Effectivement il y a un changement dans la sociologie des étudiants. Ils sont beaucoup plus sensibles aux enjeux environnementaux. Et ils ont raison, il nous faut promouvoir la transition écologique.

Dauphine agit déjà en ce sens avec la création fin 2016 d’un Vice-Président à la Responsabilité Sociale de l’Université. L’enseignement sur les enjeux écologiques a été rendu obligatoire en L1, et sera poursuivi en L2.

Dans notre programme Demain Dauphine, nous avons prévu la création d’un Conseil Environnemental et Social rassemblant des élus et les autres Conseils pour que tous les acteurs de l’université soient parties prenantes de la transformation écologique. Cela permettra d’intégrer les impératifs environnementaux à tous les domaines.

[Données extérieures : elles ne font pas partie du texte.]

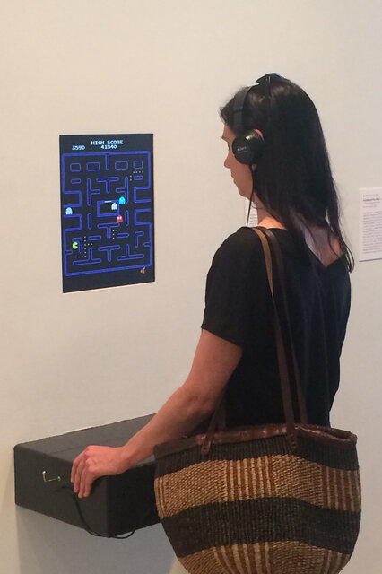 ニューヨーク近代美術館(MoMA)の常設展示は、キュレーターの方が絵画などと違って「プレイ可能な状態での展示こそがゲームの正しい展示方法である」とゲームの本質を理解されての展示が素晴らしいです。これは2015年に現地に行った時に撮った写真ですが、プレイしている手元が写っていないのが素人だなと反省しています。

En formant des étudiants avec une culture de la question environnementale, de ses enjeux, on influe aussi sur les entreprises, avec lesquelles Dauphine entretient des liens privilégiés, et qui prônent eux aussi la dimension écologique. J’aimerais que notre Business Advisory Board, comprenant plusieurs grandes entreprises, soit missionné sur deux thèmes : la question environnementale et celle de la diversité sociale. Ces grandes entreprises seront celles qui agissent réellement sur ces questions et pas seulement en façade.

  • Quel message souhaitez-vous adresser aux étudiants ?

 Je voudrais passer deux messages. Tout d’abord, dans le contexte actuel, si vous voulez que nous reprenions une vie normale, respectez les mesures sanitaires. Au moindre cluster, c’est la fermeture de l’Université. Je crois beaucoup au présentiel, tant du point de vue psychologique que pédagogique. Il faut un comportement strict et respectueux pour que ce retour à l’Université que nous avons organisé depuis le mois de janvier continue à bien se passer. Là encore, on voit l’intérêt d’avoir la double compétence d’enseignant-chercheur pour gouverner une Université. Lorsque les étudiants de première année sont revenus sur site, il y avait une attente incroyable au Crous, les consignes sanitaires n’étaient pas du tout respectées. J’ai sollicité mes collèges du Laboratoire d’Analyse et de Modélisation de Systèmes pour l’Aide à la Décision (LAMSADE) pour nous aider à réfléchir à la manière de mieux fluidifier la restauration pour minimiser les risques de contamination.

Mon deuxième message porte sur la réussite. Il y a deux facteurs essentiels de la réussite, peu importe comment vous la définissez : la passion et le travail. Il faut avoir l’envie de faire les choses, car travailler sans passion est laborieux. Cette alliance de la passion et du travail est aussi l’objectif des doubles-diplômes dont je parlais précédemment. Soyez passionnés par ce que vous faites, et travaillez pour réussir. Je suis aussi convaincu qu’en dépit de la détresse psychique des jeunes créée par la gestion de la pandémie, il en sortira des choses positives. Il faut avoir l’optimisme de la volonté, pour se projeter dans l’avenir, et le pessimisme de la raison, pour diagnostiquer les problèmes et y apporter des solutions. Lorsque j’ai élaboré mon programme, je me suis demandé « Quelle Université pour 2030 ? ». Je ne suis pas parti des contraintes mais de l’université que nous rêvons de construire. Il faut partir de sa volonté tout en prenant en compte les contraintes, et non l’inverse. Finalement, croyez en vous, aimez ce que vous faîtes, travaillez pour cela et le reste suivra.